**Your objective**: Before you write out the listing, remove the pictures; everything else stays exactly as it is.

**Data extract**:
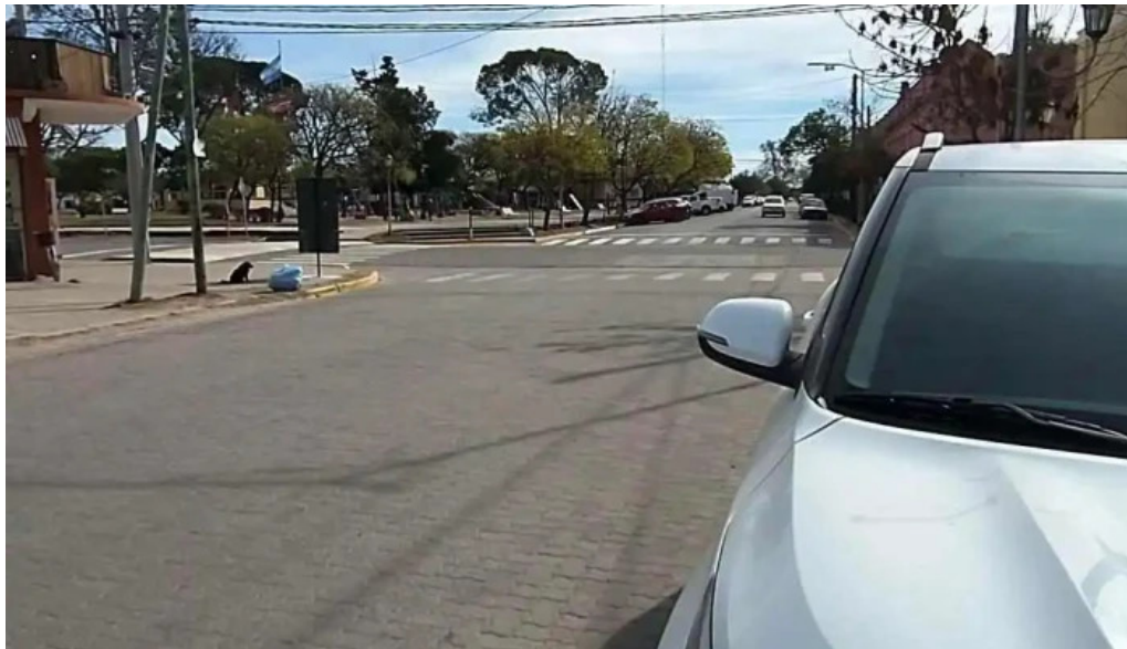
La segunda seguros villa del total del propietario
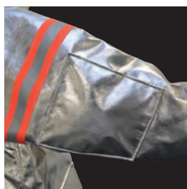
キルティング内蔵 肘パット
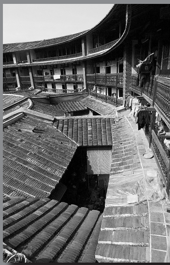
福建南安土楼内景
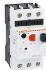
Wyłącznik silnikowy SM1P
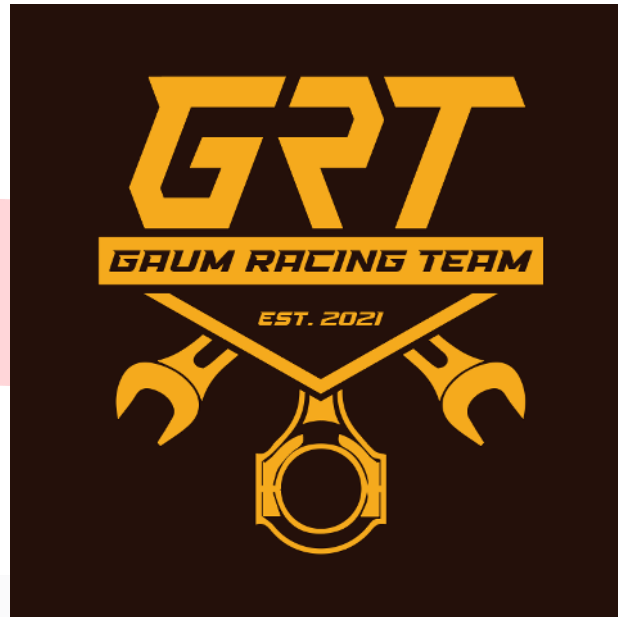
Gambar 2. Logo

**Response for this exercise**:
La segunda seguros villa del total del propietario
キルティング内蔵 肘パット
福建南安土楼内景
Wyłącznik silnikowy SM1P
Gambar 2. Logo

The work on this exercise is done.